Marine biologists off the coast of Kep are giving seahorses fluorescent “tattoos” in hopes of tracking their numbers and curbing illegal fishing.
Of the 48 species of seahorses around the globe, seven have been spotted in Cambodian waters, but little is known about the animal’s local demographics.
“There are lots of questions that we’re still trying to find the answers on with seahorses,” explained Lindsay Aylesworth, 31, a graduate student at the University of British Columbia and lead researcher behind the project.
“Information about where they live, what their population sizes are like, all the different habitats they can live in. Some of those basic questions about where you find them and how long they live . . . we’re still looking to address those basic questions.”
Seahorses are listed on the Convention on International Trade in Endangered Species, the same international treaty that regulates the trade in elephant tusks and rhino horns, with the main threats being environmental degradation and overfishing.
The marine animals are much sought after in Taiwan, Hong Kong and China, where dried specimens are used in traditional Chinese medicine.
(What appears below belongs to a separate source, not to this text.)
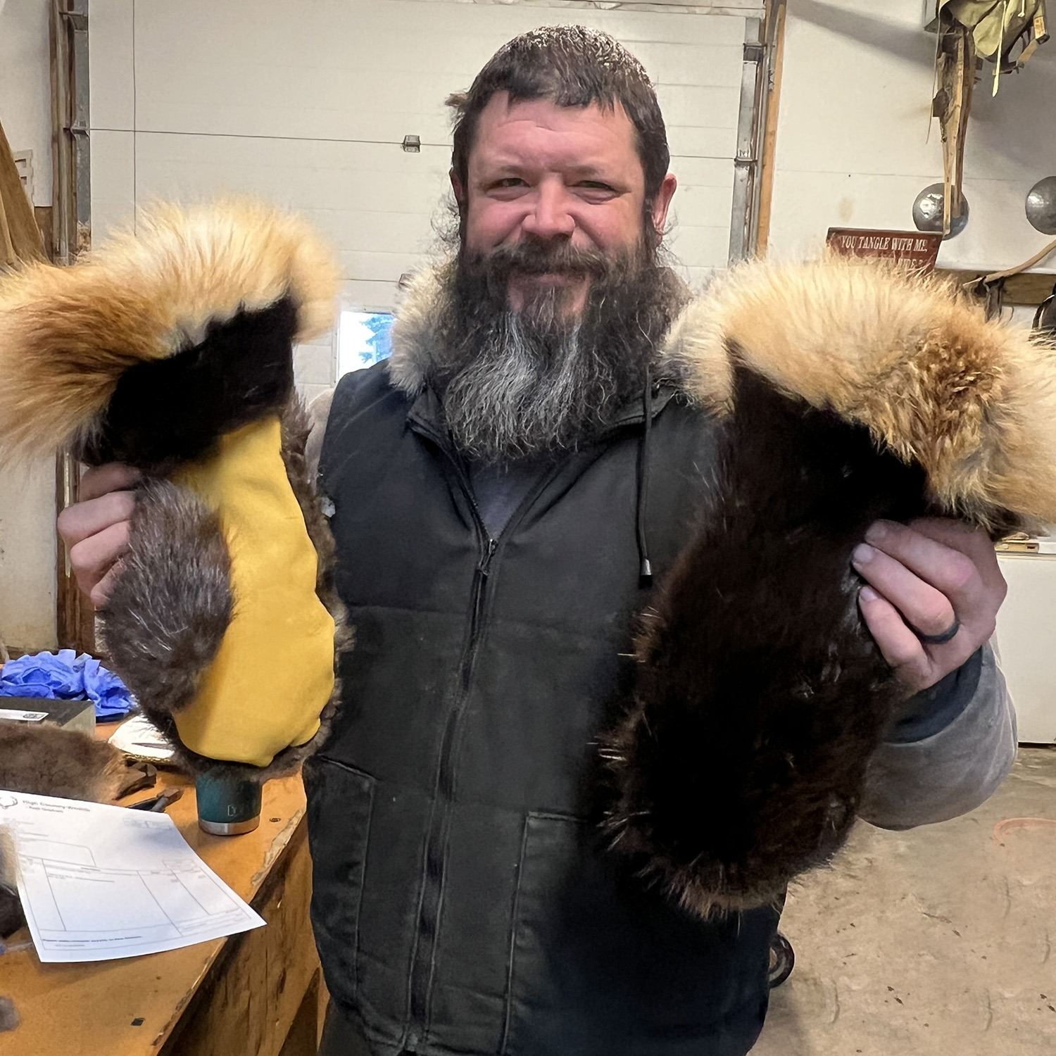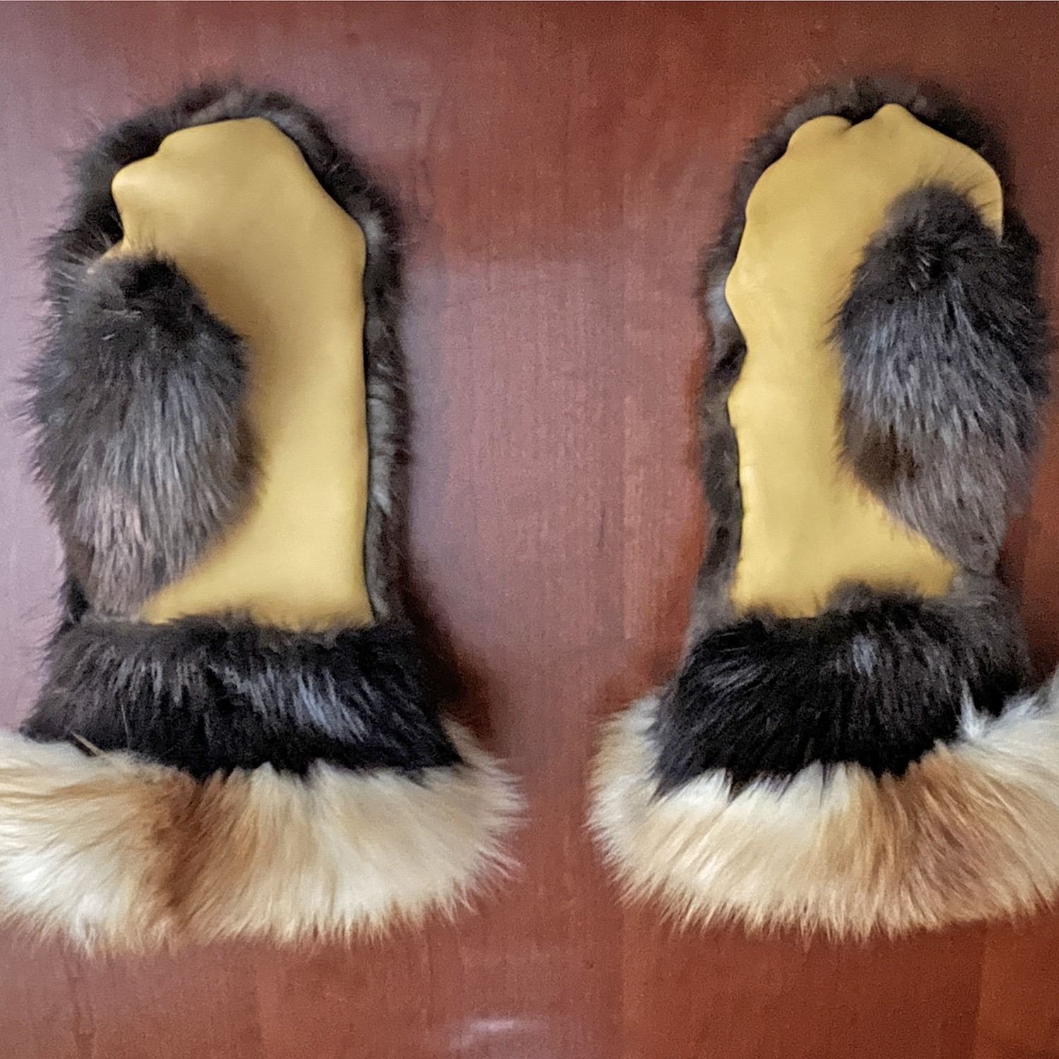 Description: (100% Fully Donated) Canadian hand Made Beaver Belt Mittens. Experience unmatched warmth and elegance with these premium winter mitts, handmade in southern Alberta by Rod Graham. The exterior is crafted from genuine beaver pelt, the cuffs are from Red fox fur with soft deer hide on the palms for durability and grip. Inside, a luxurious lamb shearling lining ensures maximum comfort and insulation. These are, without question, among the warmest and most beautiful winter mitts available.

Seahorses could be harvested and sold sustainably, said Aylesworth, but catches must be regulated so that fishing does not seriously harm population sizes.
To deduce those population sizes in the Gulf of Thailand, the new project, a joint effort between the Canada-based Project Seahorse and Marine Conservation Cambodia (MCC), a conservation group based on the island of Koh Seh near Vietnam, has divers using tiny needles to inject seahorses with a special dye, known as visible implant fluorescent elastomer or VIFE, visible only under a black light.
“It’s almost like giving the seahorse a tattoo,” said Aylesworth.
Divers would return to the sites and use a black light to find the tagged seahorses.
Coupled with other observations of the tagged animal and its surrounding environment, marine biologists could then work out population sizes, reproductive habits and survival rates.
According to MCC’s British founder, Paul Ferber, VIFE tagging could also help identify the origin of seahorses found in trawlers’ bycatch and determine if fishermen were trawling in protected areas.
There was even the possibility that the ink might show up in dried seahorses sold in CTM markets, data that would give researchers important insights into where fishermen were harvesting seahorses.
The tagging project is being run from the island of Koh Seh, which was granted to MCC by the provincial government for research purposes last year.
Along with their fieldwork projects, the group also conducts regular nighttime patrols in conjunction with the Fisheries Administration for illegal trawling vessels whose activities have destroyed seagrass beds and coral reefs throughout the gulf While VIFE tagging had been used in other parts of the world to track seahorses, this was the first time it has been used in Cambodia, Aylesworth added.
“Doing this sort of tagging study will be able to help us answer some of those questions to better understand the local populations, not only here in Kep and Cambodia but throughout Southeast Asia,” she said.